• [What this task involves]:
Nothing but the lines below between the line holding "10月19日下午,必威西汉姆" and the line holding "Vyzkoušeno podle vojenských", inclusive, should appear in the answer, each set down exactly.

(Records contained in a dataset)
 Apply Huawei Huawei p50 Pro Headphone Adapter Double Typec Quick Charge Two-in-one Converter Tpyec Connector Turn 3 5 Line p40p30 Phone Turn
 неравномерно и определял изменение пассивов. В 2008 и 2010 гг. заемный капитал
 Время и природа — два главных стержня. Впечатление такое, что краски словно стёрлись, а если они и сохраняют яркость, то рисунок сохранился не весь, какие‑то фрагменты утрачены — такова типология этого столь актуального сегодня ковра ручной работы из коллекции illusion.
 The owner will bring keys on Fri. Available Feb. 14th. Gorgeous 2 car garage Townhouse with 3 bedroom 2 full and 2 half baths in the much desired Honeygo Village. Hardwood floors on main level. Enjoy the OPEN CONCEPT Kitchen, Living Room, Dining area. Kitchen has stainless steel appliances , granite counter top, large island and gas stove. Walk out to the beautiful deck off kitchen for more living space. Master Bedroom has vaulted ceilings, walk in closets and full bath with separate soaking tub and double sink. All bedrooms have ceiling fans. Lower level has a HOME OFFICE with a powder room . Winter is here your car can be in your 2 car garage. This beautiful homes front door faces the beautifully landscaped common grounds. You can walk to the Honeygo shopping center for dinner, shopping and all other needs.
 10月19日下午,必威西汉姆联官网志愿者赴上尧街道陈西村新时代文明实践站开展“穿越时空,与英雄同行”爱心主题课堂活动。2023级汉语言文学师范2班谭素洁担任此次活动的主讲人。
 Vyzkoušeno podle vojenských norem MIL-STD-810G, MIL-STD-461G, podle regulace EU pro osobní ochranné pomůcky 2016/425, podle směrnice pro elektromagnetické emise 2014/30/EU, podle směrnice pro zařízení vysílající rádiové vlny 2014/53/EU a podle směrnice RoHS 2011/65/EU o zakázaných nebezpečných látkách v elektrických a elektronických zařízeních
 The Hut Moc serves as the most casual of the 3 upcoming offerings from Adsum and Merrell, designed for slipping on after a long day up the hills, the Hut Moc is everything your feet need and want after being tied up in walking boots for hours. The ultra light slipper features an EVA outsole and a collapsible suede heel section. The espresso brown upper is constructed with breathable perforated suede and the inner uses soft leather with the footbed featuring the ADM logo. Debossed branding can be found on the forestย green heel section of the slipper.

• [Solved problem]:
 10月19日下午,必威西汉姆联官网志愿者赴上尧街道陈西村新时代文明实践站开展“穿越时空,与英雄同行”爱心主题课堂活动。2023级汉语言文学师范2班谭素洁担任此次活动的主讲人。
 Vyzkoušeno podle vojenských norem MIL-STD-810G, MIL-STD-461G, podle regulace EU pro osobní ochranné pomůcky 2016/425, podle směrnice pro elektromagnetické emise 2014/30/EU, podle směrnice pro zařízení vysílající rádiové vlny 2014/53/EU a podle směrnice RoHS 2011/65/EU o zakázaných nebezpečných látkách v elektrických a elektronických zařízeních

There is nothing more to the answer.